We’re going to need to know a little bit more about how the allocator works.
The specifics are going to vary depending on the program you’re targeting. For the FSExploitMe demo, I’m going to talk about one specific way to coerce Windows’ memory allocator into giving us the memory we want. There are undoubtedly other ways.
In an effort to reduce memory fragmentation, Windows (and many other high-performance allocators) will allocate small objects from a pools of objects of the same size.
It turns out that after the 18th allocation of a particular size, windows will create a size-specific allocator pool of that size. This is called the low fragmentation heap.
It’s a lot easier to target the low fragmentation heap than the general heap.
So if we want to exploit this, and we know the size of the object we want to overwrite, we just have to make 18 allocations of that size to trigger the low fragmentation heap, allocate our target object (which will go on the heap), free it, and finally make one more allocation. This last allocation will always replace the freed object, allowing us to overwrite it.
Heap Spray
We’re done, right? No! The payload has to go somewhere.
The object probably won’t be large enough to contain our payload, and anyway we don’t know what address it will have. We need to know the address in order to have our vtable entry point to it.
The solution is a heap spray.
It turns out that the behaviour of large allocations is predicable in a similar (but different) way to small allocations. If we request a large chunk of memory from the allocator, none of the free space it has available will be large enough so it will give us a chunk at the end of the heap, aligned to some predictable value. If we keep doing this, we can fill up the upper portion of memory with our payload code at fixed intervals. We don’t know exactly where each chunk of memory will be allocated, but we know that if we allocate enough copies of it, one of them will wind up at a predictable address.

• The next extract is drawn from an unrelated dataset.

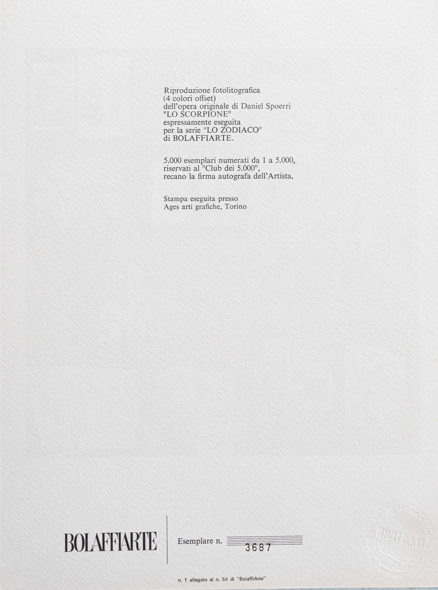 Daniel Spoerri, Lo Scorpione eseguita per la serie 'LO ZODIACO DI BOLAFFIARTE'

On Windows, this starts somewhere in the 0a0a0000
address range.
(In the lab, the L3HeapSpray function does this by allocating 100MiB of memory in 64KiB chunks.)
Example
I was able to successfully exploit the Lesson 3 code in FSExploitMe using this technique.
Mitigations
Garbage collection automatically frees memory when it is no longer in use, freeing the programmer from the burden of managing memory and eliminating use-after-free bugs. This doesn’t help languages without garbage collection, though.
valgrind can detect use-after-free and other memory corruption bugs.
Conclusion
I’ve done my best to describe these two vulnerabilities, but there’s no substitute for hands-on experience. It’s one thing to know intellectually how an attack works, and quite another to actually pull it off it practice, so I hope you’ll take a look at FSExploitMe and give it a try yourself.
Personally, I’ve heard about buffer overflow attacks thousands of times, but I had never actually performed one until this week.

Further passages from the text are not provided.